→ **Work instructions**:
Return the material below exactly, but only from the line with "50% coton /" through the line with "300 g rödbetor, kokta", and without its pictures.

____ Exercise material

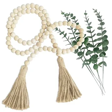 Compared to similar products on the market, the Farmhouse Beads Garland offers an exceptional blend of quality and aesthetic appeal. Many competitors use artificial materials that lack the realism and detail our eucalyptus provides. Additionally, our unique design combines both decorative elements and meaningful symbolism, making it a more appealing choice for gifts and home decoration than other garlands which focus primarily on aesthetics.
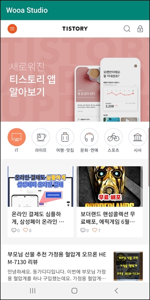 티스토리 메인화면이 정상적으로 출력됨을 확인 할 수 있습니다.,
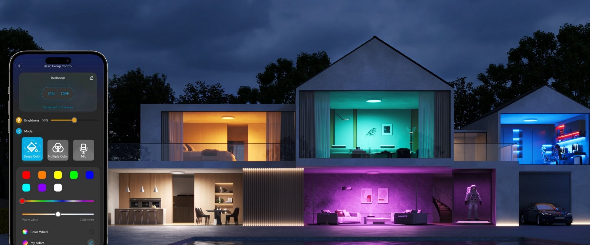 Millioner av livlige farger og varmt eller kaldt hvitt lys å velge mellom, samt mulighet til å lage egne animasjoner.
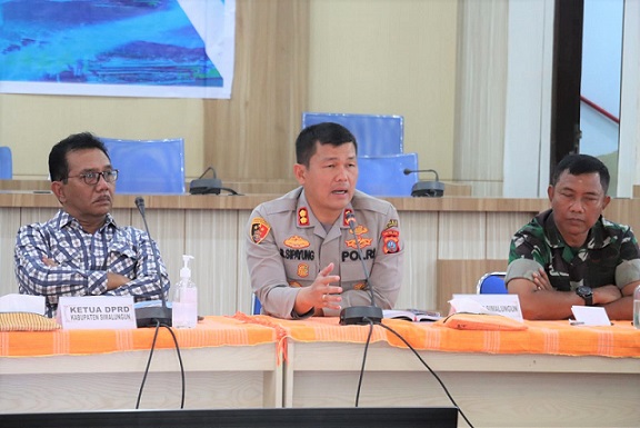 Kapolres Simalungun AKBP Ronald F.C Sipayung, S.H., S.I.K., M.H., memaparkan kesiapan personel Polres Simalungun dalam rangka pelaksanaan Operasi Ketupat Toba-2023 saat menghadiri Rapat Koordinasi Lintas Sektoral Dalam Rangka Kesiapan Pengamanan Perayaan Hari Raya Idul Fitri 1444 H / 2023 M guna Cipta Kondisi Yang Aman dan Kondusif di Wilayah Kabupaten Simalungun.
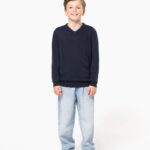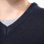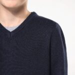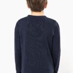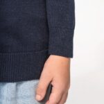 50% coton / 50% acrylique. Acrylique jauge 12. Bord-côte du col double épaisseur. Bande de propreté à l’encolure. Bord-côte au bas de manches et de vêtement.
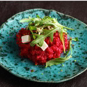300 g rödbetor, kokta i saltat vatten, därefter skalade och finhackade
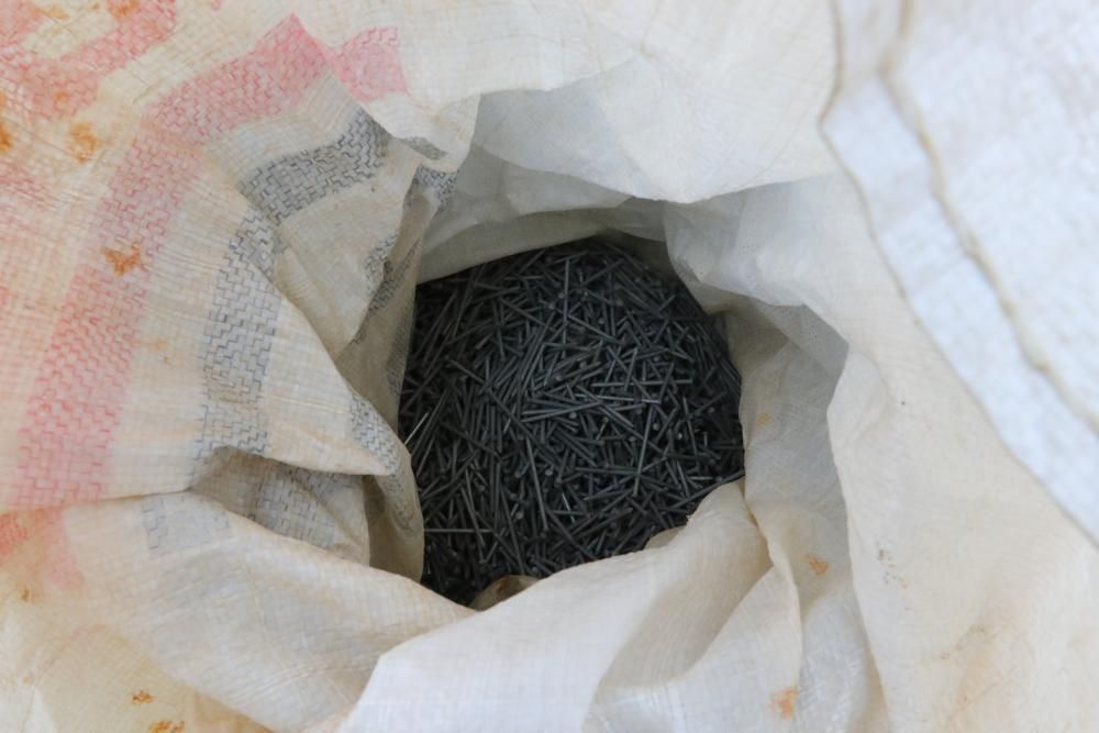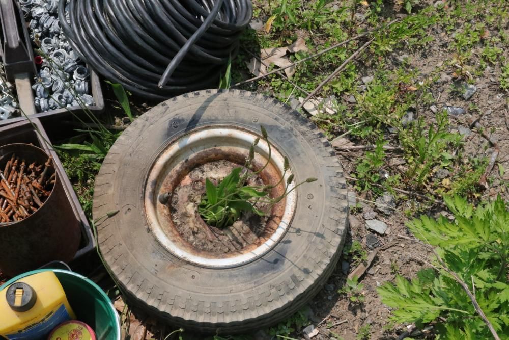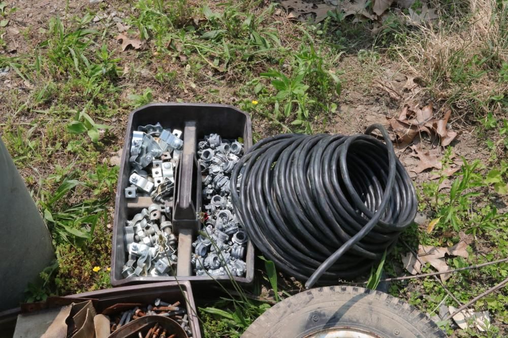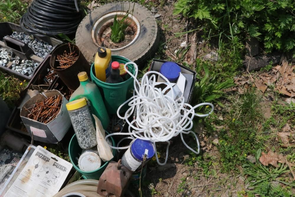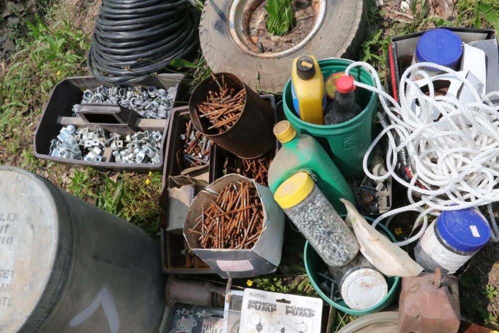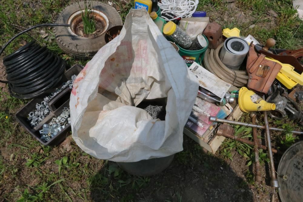 Large assortment of tools and hardware including nails, propane tank, tire irons, tire, wire, rope, etc.
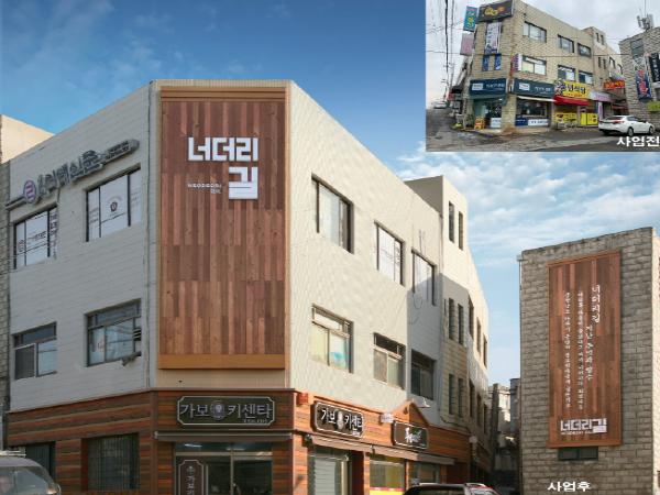 아산시는 해당 지역을 새롭게 정비하면서 ‘너더리길’이라는 골목길 브랜드를 만들고, 설화를 모티브 삼아 목재를 활용한 건축물 입면 개선, 옹벽 및 간판 디자인 등을 진행했다.

________

→ **Exercise output**:
 50% coton / 50% acrylique. Acrylique jauge 12. Bord-côte du col double épaisseur. Bande de propreté à l’encolure. Bord-côte au bas de manches et de vêtement.
300 g rödbetor, kokta i saltat vatten, därefter skalade och finhackade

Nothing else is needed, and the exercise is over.